There is a lump on the back of my knee, which WebMD suggests is likely to be stage IV cancer or a golfing injury. I don’t play golf. I am clearly dying. I wonder if everyone else here has convinced themselves that they are dying too? WebMD has become a form of idle procrastination for me, sometimes even when I am perfectly fine I’ll click the parts of the digitised body and input symptoms just to see what they amount to. If they have any correlation. I am certain now that any time when I feel an organ fizz, I’ve got a spot on my right cheek or my ankles click, I can do some sort of WebMD-informed maths to convince myself I have a terminal illness. There is something about finding logical, even though it’s not, impermanence to life that soothes my anxiety.

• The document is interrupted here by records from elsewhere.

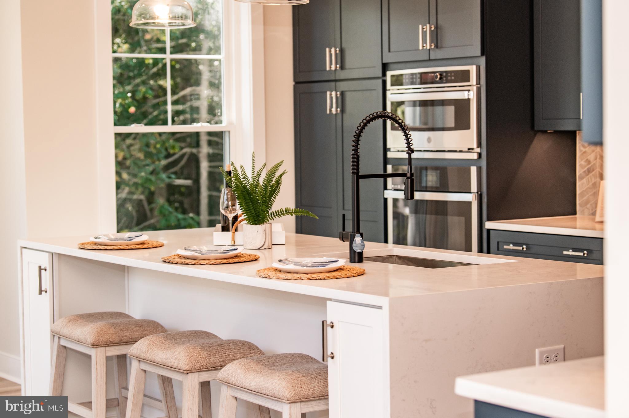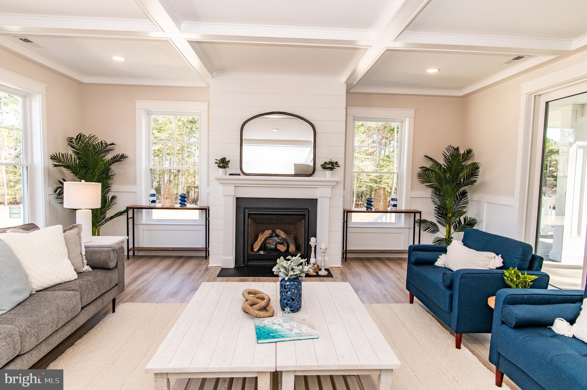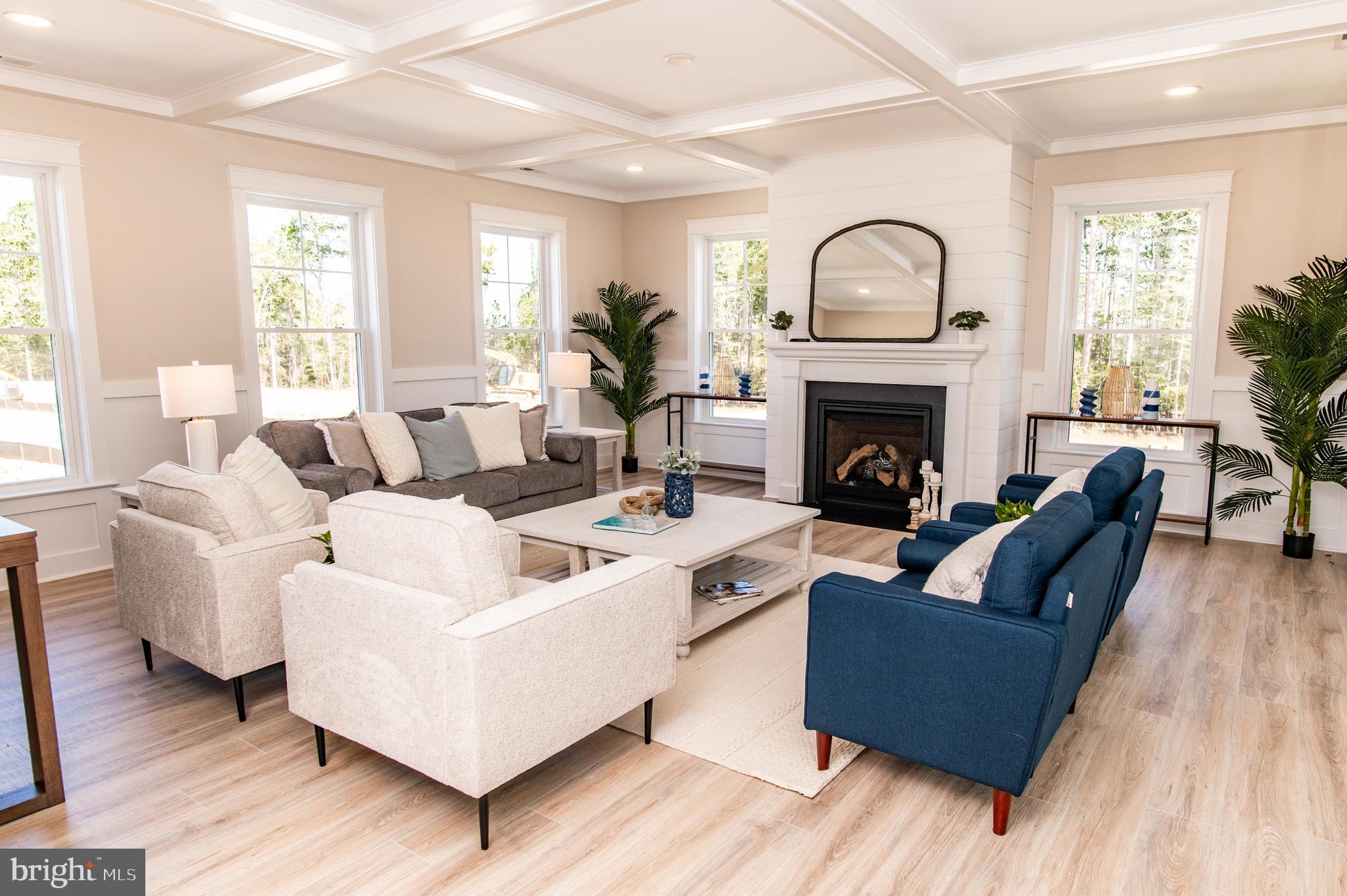 The main level is designed for effortless entertaining and relaxation, featuring a spacious outdoor living room perfect for dining and lounging al fresco. Inside, the gourmet kitchen stands out with stunning blue cabinetry paired with a lighter island, highlighted by a quartz waterfall countertop and sleek stainless steel appliances. Luxury vinyl plank flooring flows throughout the main level, offering durability and easy maintenance. The great room impresses with its coffered ceiling and cozy gas fireplace. Completing this level are a powder room and a private guest bedroom with its own ensuite bath.
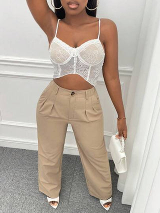 Slaydiva بنطلون بساق مستقيم موحدة اللون جيب مائل
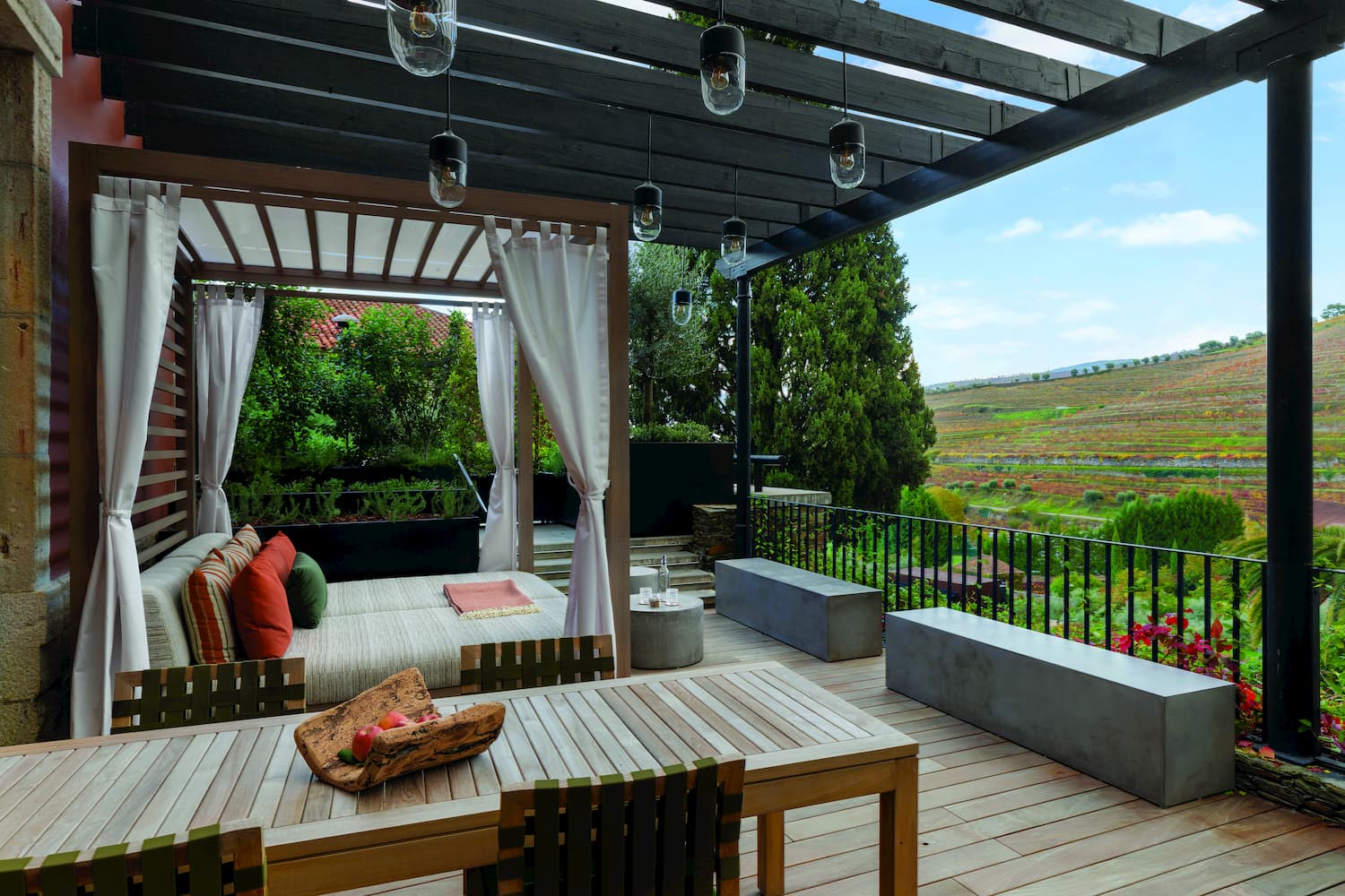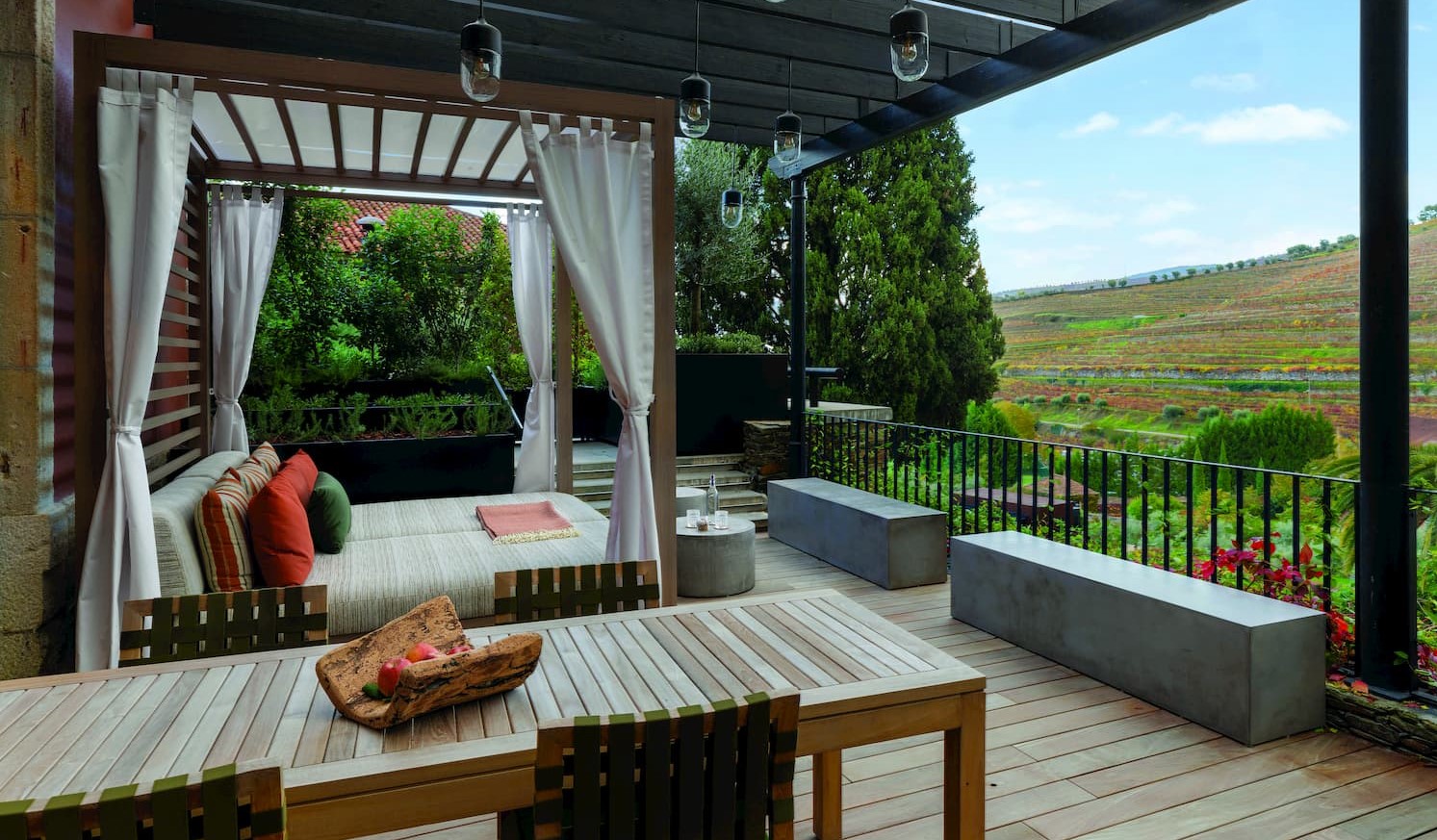 The spa also comprises a heated indoor pool with water jets, an outdoor pool and refreshment bar, and a gym with the latest exercise equipment and professional guidance. There are Six Senses specialty treatments and multi-day programmes, together with locally-inspired therapies – some of which are grape and citrus fruit based. Guests can also take advantage of an interactive wellness workshop, The Alchemy Bar, and work with a wide variety of local herbs, fruits and spice to create artisanal and entirely organic laundry products, kitchen pharmacy potions, body scrubs, face and hair masks, lip balms and home fragrances. For those seeking the ultimate in luxury, the Quinta Vineyard Suite extends over 95 square metres on the top floor of an exclusive wing of the hotel, with a spacious bedroom, bathroom and living areas. Its expansive wooden deck terrace is equipped with a hot tub, day bed and dining area, all offering spectacular views over the vineyards.

There is something about finding pattern and reasoning in my body’s shortcomings, and potential failings, that makes the notion of a suicidal thought seem quite quaint when I can convince myself my body is ready to give up before I give it permission to.

Not that long ago mental illness, albeit taboo and often dismissed even when as real and as profound as someone with suicidal ideation – there was a certain sympathetic coup for it. An arm rub. A waft of misunderstanding that means it is serious. Yes, it was saved for nutters and mad women, but it was also serious. There were institutes. Slurs. But now it just feels assumed. I don’t feel any new communion with the movement of celebrities ‘admitting’ their anxiety and depression, I feel annoyed. I feel ‘fuck’. There’s already next-to-no resource, what happens now more people use it? It also feels a bit self-aggrandising. This idea of admitting.